For children living in situations of domestic violence and abuse the effects may result in behavioural issues, absence from school, difficulties concentrating, lower school achievement, ill health, bullying, substance misuse, self-harm, running away, anti-social behaviour and physical injury.

During pregnancy domestic violence and abuse can pose a threat to an unborn child as assaults on pregnant women often involve punches or kicks directed at the abdomen, risking injury to both the mother and the foetus. In almost a third of cases domestic violence and abuse begins or escalates during pregnancy and it is associated with increased rates of miscarriage, premature birth, foetal injury and foetal death. The mother may be prevented from seeking or receiving anti-natal care or post-natal care. In addition if the mother is being abused this can effect her attachment to her child, more so if the pregnancy is a result of rape by her partner.

Young people themselves can be subjected to domestic abuse perpetrated in order to force them into marriage or to punish him/her for ‘bringing dishonour on the family’. This abuse may be carried out by several members of a family increasing the young person’s sense of isolation and powerlessness. See Forced Marriages Procedure.

Young women in the 16 to 24 age group are most at risk of being victims of domestic violence and abuse, some of which may be teenage mothers. Research by the University of Bristol and the NSPCC has also found that young people in the 13 to 16 age group are also vulnerable to abuse within relationships (see Barter, C. et al (2009) Partner Exploitation and Violence in Teenage Intimate Relationships).

Whilst young people are under the age of 18 years they should receive support and safeguarding in line with the Children Act 1989 and Children Act 2004.

Children who are experiencing domestic violence and abuse or conflict may benefit from a range of support and services; some may be suffering or likely to suffer Significant Harm.

The three key imperatives of any intervention for children living with domestic violence and abuse are:

  1. To protect the child/ren, including unborn child/ren;
  2. To empower the adult victim to protect themselves and their children;
  3. To hold the abusive partner accountable for the violence and provide opportunities for change.

4. Confidentiality

Clarity about information sharing is essential and all agencies, including all refuge projects and non statutory services, should ensure that in sharing information they do so in line with agreed local protocols – see Information Sharing and Confidentiality Procedure.

Professionals must ensure that their efforts do not trigger an escalation of violence by only raising the issue with the child or adult victim when they are safely on their own. It is essential in contact with children and parents to be realistic and honest about the limits of confidentiality.In some cases a child may be in need of immediate protection and a referral will need to be made to Children’s Social Care Services.

When a referral is made to Children’s Social Care Services, there must be clarity about who in the family is aware that a referral is to be made.
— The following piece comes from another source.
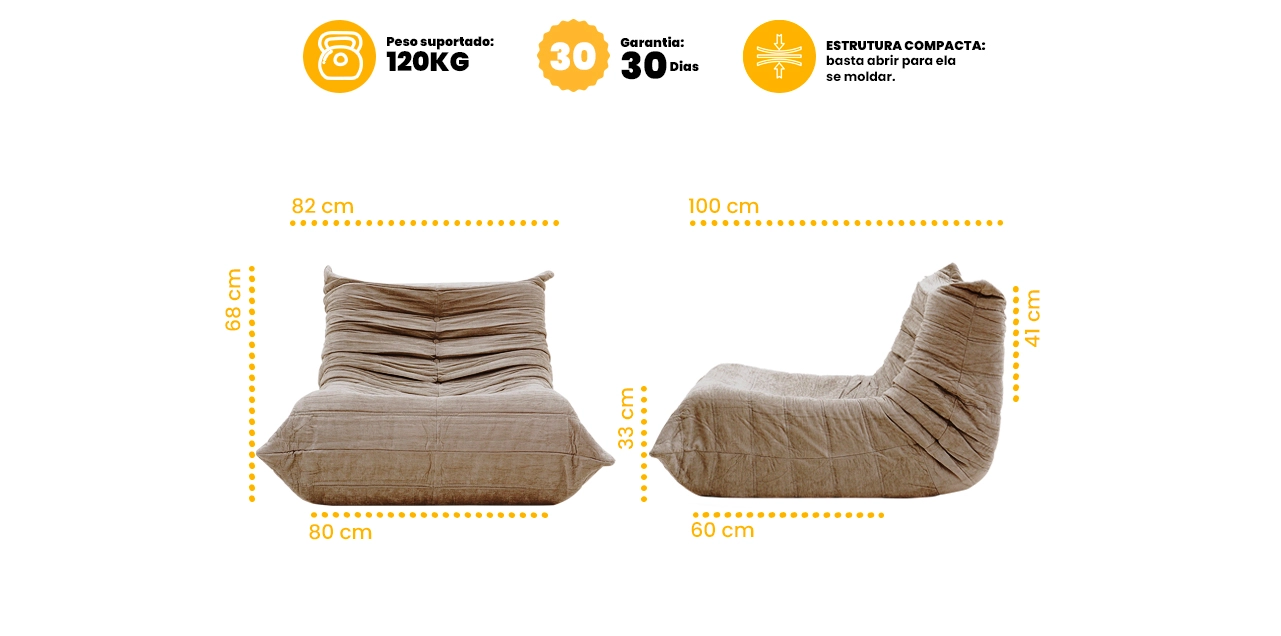 Atenção: após abrir a poltrona, é necessário aguardar até 24 horas para que o enchimento expanda totalmente e o produto atinja sua forma e conforto ideais. Esse processo é natural e faz parte da experiência do produto.
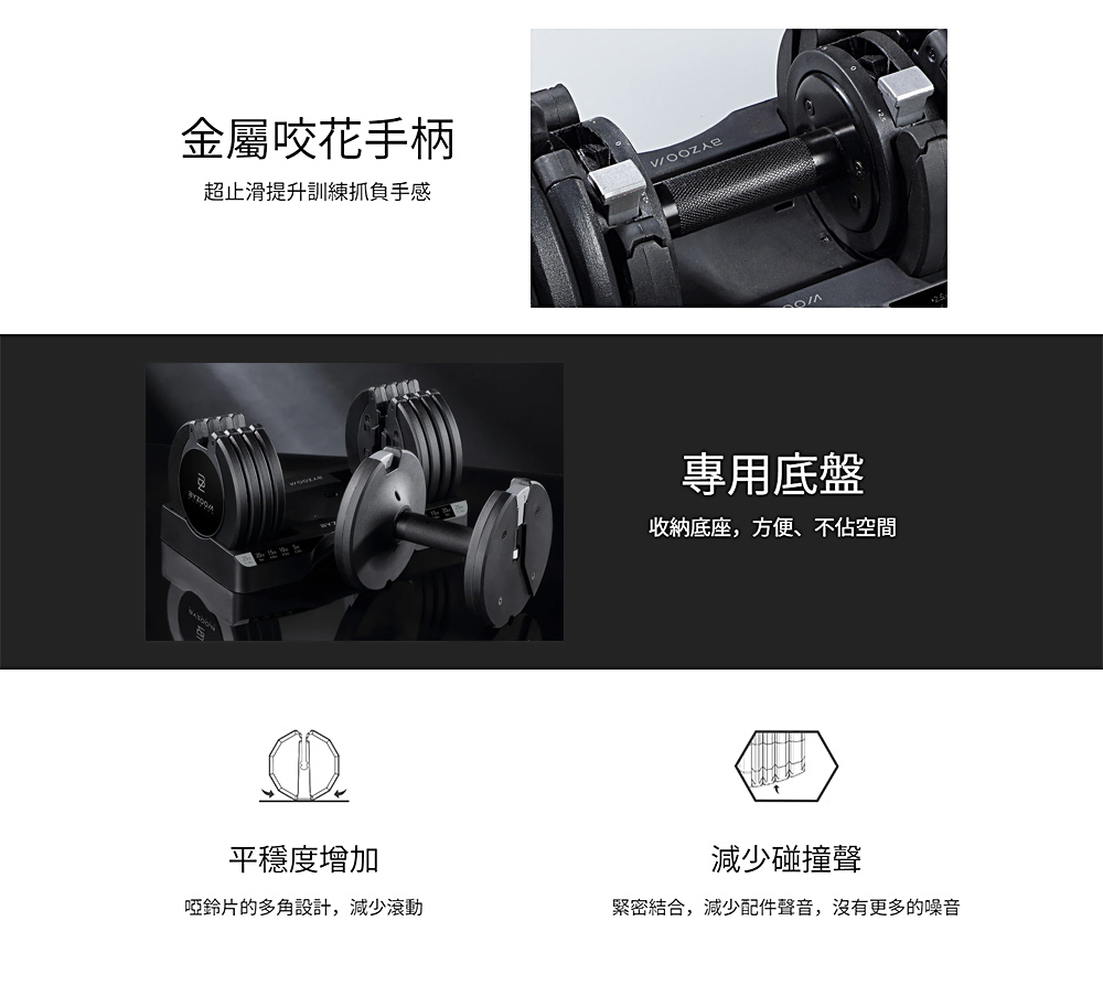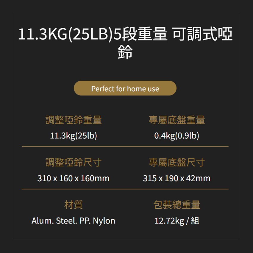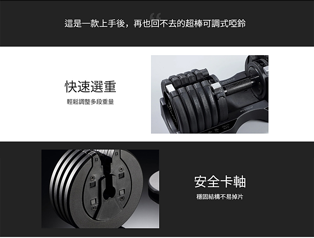 | 台灣開發團隊研發設計的BYZOOM FITNESS 25LB 可調式啞鈴 可從5 LB ~ 25 LB做共 5 種簡易重量調整 不論是剛開始運動的初階使用者或是進階的居家訓練者皆可針對不同肌群輕鬆調整適合重量, 一組調整壺鈴即可滿足多個使用者重量的需求,在家隨時想運動就運動,懶惰外出運動從此不再是藉口。 |

Any response by Children’s Social Care Services to such referrals should be discreet, in terms of making contact with the adult victim in ways which will not further endanger them or their children.

5. Assessing Concerns of Domestic Abuse

Professionals in all agencies are in a position to identify or receive a disclosure from a child, victim or abuser about domestic violence and abuse. Professionals should be alert to the signs that a child or adult may be experiencing domestic violence and abuse, or that a partner may be perpetrating domestic abuse. A disclosure may be prompted during routine questioning or be unprompted. Professionals should never assume that somebody else is addressing the issue of domestic violence and abuse. This may be the child, adult victim, or perpetrators first or only disclosure which enables an assessment of the risks of harm to be initiated.

Professionals will work with many adults who are experiencing domestic violence and abuse and have not disclosed. Research suggests that women experience on average 35 incidents before reporting it to the police. Professionals should therefore, in conducting assessments, consider the need to offer children and adults the opportunity of being seen alone and ask whether they are experiencing, or have previously experienced, domestic violence and abuse.

Concerns about domestic violence and abuse may also be reported to a professional by a third party such as extended family member, neighbour or community member. Information from the public, family or community members must be taken sufficiently seriously by professionals in statutory and voluntary agencies and responded to in accordance with these procedures.

Professionals who are in contact with adults who are threatening or abusive to them need to be alert to the potential that these individuals may be abusive in their personal relationships and assess whether domestic violence and abuse is occurring within the family.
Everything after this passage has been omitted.